Upgrade to 4.2 fails because of druid pods being in a CrashloopBackOff as a result of disk space being full.
search cancel

Upgrade to 4.2 fails because of druid pods being in a CrashloopBackOff as a result of disk space being full.

book

Article ID: 375495

calendar_today

Updated On:

Products

VMware vDefend Firewall with Advanced Threat Prevention VMware NSX Networking

Issue/Introduction

During NAPP upgrade to 4.2, all Druid pods will be restarted in the following order: Druid Historical -> Druid Middle Manager -> Druid Coordinator -> Druid Broker -> Druid Router. 
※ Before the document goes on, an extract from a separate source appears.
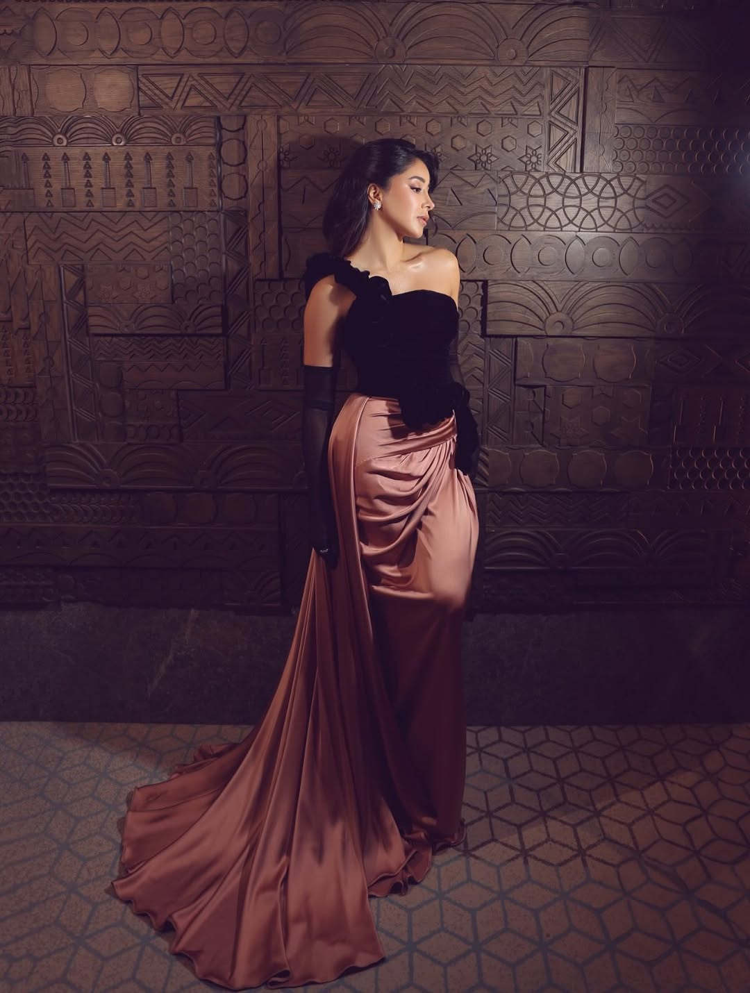 Black and sculptural, the strapless gown paired a clean, velvet-finish bodice with a dramatic satin mermaid skirt, shaped through structured paneling and held volume. Finished with diamond jewelry and a crystal-brooch clutch. Minimal embellishment, maximum impact.

On the upgrade UI, druid pods are showing "Upgrade Status Failed".
On NSX manager, running napp-k get pods | grep druid shows multiple pods in CrashLoopBackOff.
Identify the first pods that are crashing based on the restart order "Druid Historical -> Druid Middle Manager -> Druid Coordinator -> Druid Broker -> Druid Router", which can be historical pods or middle manager pods. Print their logs using napp-k logs <pod name>, and check if following logs are seen:


2024-08-19T16:26:09,796 WARN [main] oshi.software.os.linux.LinuxOperatingSystem - Did not find udev library in operating system. Some features may not work. "
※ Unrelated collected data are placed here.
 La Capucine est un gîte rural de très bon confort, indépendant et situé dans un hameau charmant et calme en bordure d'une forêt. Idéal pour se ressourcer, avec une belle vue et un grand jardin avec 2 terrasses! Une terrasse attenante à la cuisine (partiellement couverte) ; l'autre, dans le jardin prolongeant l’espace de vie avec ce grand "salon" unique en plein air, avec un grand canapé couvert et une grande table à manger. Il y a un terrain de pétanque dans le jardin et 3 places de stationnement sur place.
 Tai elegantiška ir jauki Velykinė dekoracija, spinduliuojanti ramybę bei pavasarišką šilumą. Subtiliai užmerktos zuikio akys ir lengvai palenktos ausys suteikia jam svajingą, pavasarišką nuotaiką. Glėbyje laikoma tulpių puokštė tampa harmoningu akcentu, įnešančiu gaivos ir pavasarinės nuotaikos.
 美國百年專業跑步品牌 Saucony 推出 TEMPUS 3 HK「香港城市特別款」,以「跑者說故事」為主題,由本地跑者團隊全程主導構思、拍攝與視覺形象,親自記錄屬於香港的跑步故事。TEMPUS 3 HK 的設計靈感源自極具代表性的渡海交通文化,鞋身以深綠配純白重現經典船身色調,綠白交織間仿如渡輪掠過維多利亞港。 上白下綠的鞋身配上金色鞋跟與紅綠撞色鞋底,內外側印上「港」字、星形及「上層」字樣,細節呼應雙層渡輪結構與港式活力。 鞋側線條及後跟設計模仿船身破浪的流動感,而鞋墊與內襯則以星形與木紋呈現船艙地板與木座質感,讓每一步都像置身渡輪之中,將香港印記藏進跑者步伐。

2024-08-19T16:26:09,796 WARN [main] oshi.software.os.linux.LinuxOperatingSystem - Did not find udev library in operating system. Some features may not work.
Exception in thread "main" java.lang.RuntimeException: com.google.inject.CreationException: Unable to create injector, see the following errors:

1) Error in custom provider, java.lang.NoClassDefFoundError: Could not initialize class com.sun.jna.Native
  at org.apache.druid.server.metrics.MetricsModule.getOshiSysMonitor(MetricsModule.java:203) (via modules: com.google.inject.util.Modules$OverrideModule -> com.google.inject.util.Modules$O
verrideModule -> org.apache.druid.server.metrics.MetricsModule)
  at org.apache.druid.server.metrics.MetricsModule.getOshiSysMonitor(MetricsModule.java:203) (via modules: com.google.inject.util.Modules$OverrideModule -> com.google.inject.util.Modules$O
verrideModule -> org.apache.druid.server.metrics.MetricsModule)

Environment

This only impacts customers that are upgrading to NAPP 4.2 regardless of the version they are on.

Cause

The Druid Historical and Druid Middle Manager pods use PVCs as temporary storage, and they may be filled up during/before the upgrade. If the pods restart while the disks are full, the OSHI process (responsible for collecting metrics like CPU and memory) cannot extract libraries on the disk and will not be able to run, causing the pods to crash. While the pods are crashing, disk clean up cannot be completed, so the pods will remain in CrashLoopBackOff.

Resolution

This will be fixed in a future version, until then the full PVC volume needs to be deleted to remove the temporary files using the process below:

  1. Find the pods with error "Could not initialize class com.sun.jna.Native", for example "druid-middle-manager-0".
  2. Run "napp-k get pods <pod name> -o jsonpath='{.spec.volumes[].persistentVolumeClaim.claimName}'" and note down the PVC name to be used in the next command
  3. Run napp-k delete pvc <pvc name> to delete the PVC. The command may hang, which is expected, and you may exit with "Ctrl+C".
  4. Run napp-k get pvc to verify the deleted pvc is in "Terminating" state.
  5. Run napp-k delete pod <pod name> from step 1 to restart the pod with error
  6. After restart, the pod should come up in "Running" state. Other druid pods in CrashLoopBackOff will also come up subsequently. You can verify the status of these pods by running napp-k get pods | grep druid
  7. One the druid pods are all running, you can retry the 4.2 upgrade.